- Data segment
==*==

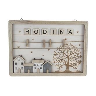 Dekorační závěsná dekorace s kolíčky na fotky nebo zapsané poznámky.Rozměry : 35 x 25 cm, tloušťka 2 cm.Barva : kombinace přírodní, bílá.Materiál na bázi dřeva. číst celé
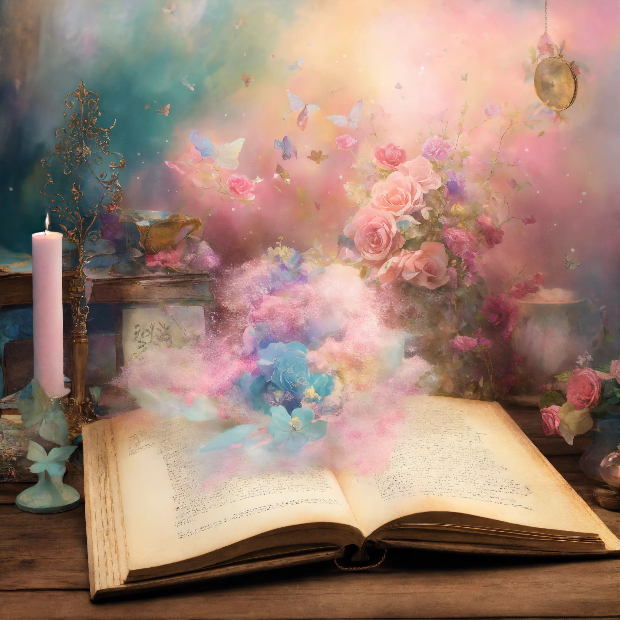 Shabby chic dreamy mist pastel junk journals the universal thoughts to the new world behind the veil swirling magical fairytale abstract art style
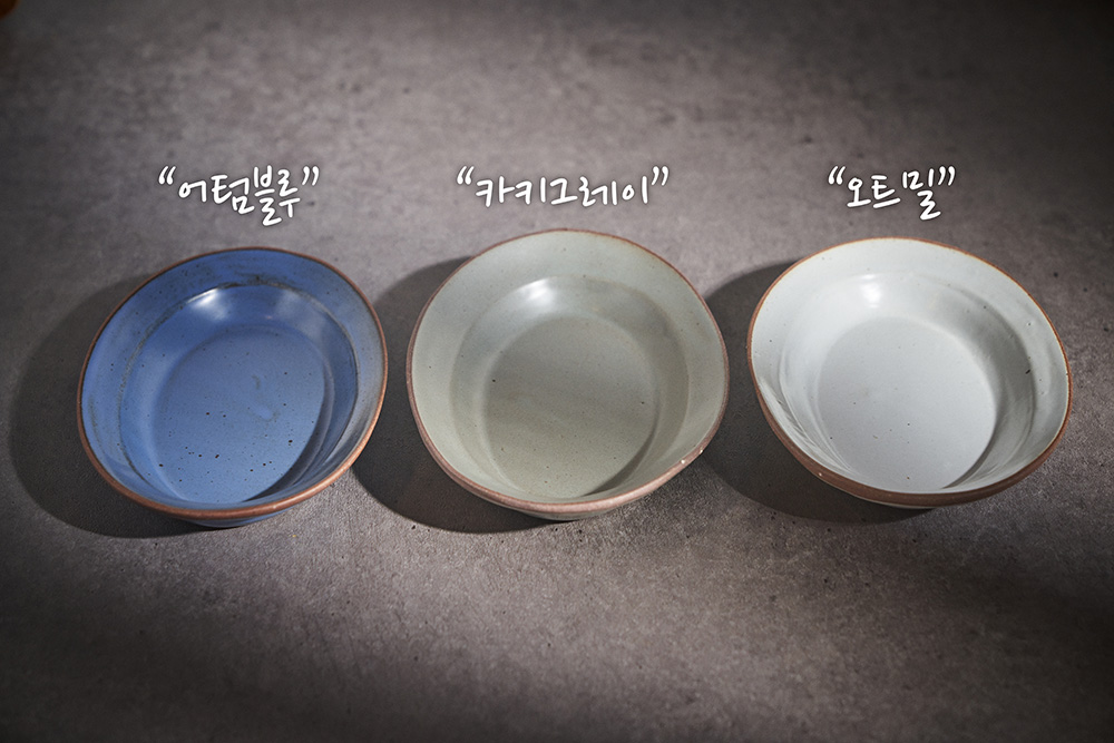| 색상 가마에서 제작될 때 마다, 가마 분위기, 제작시 사용된 흙의 종류, 유약의 미세한 조합비율등의 차이로 인하여 색상톤의 변화가 있을 수 있습니다. 오트밀 어텀블루 카키그레이 다채로운 유약요변 및 철분점은 가마가텅빈날 제품의 특징입니다. 색상톤에 민감하신 분은 미리 문의 주신 후 구매해 주시기 바랍니다. |

==*==

- Exercise
Copy the full listing above exactly, apart from the pictures.

- Expected answer
 Dekorační závěsná dekorace s kolíčky na fotky nebo zapsané poznámky.Rozměry : 35 x 25 cm, tloušťka 2 cm.Barva : kombinace přírodní, bílá.Materiál na bázi dřeva. číst celé
 Shabby chic dreamy mist pastel junk journals the universal thoughts to the new world behind the veil swirling magical fairytale abstract art style
| 색상 가마에서 제작될 때 마다, 가마 분위기, 제작시 사용된 흙의 종류, 유약의 미세한 조합비율등의 차이로 인하여 색상톤의 변화가 있을 수 있습니다. 오트밀 어텀블루 카키그레이 다채로운 유약요변 및 철분점은 가마가텅빈날 제품의 특징입니다. 색상톤에 민감하신 분은 미리 문의 주신 후 구매해 주시기 바랍니다. |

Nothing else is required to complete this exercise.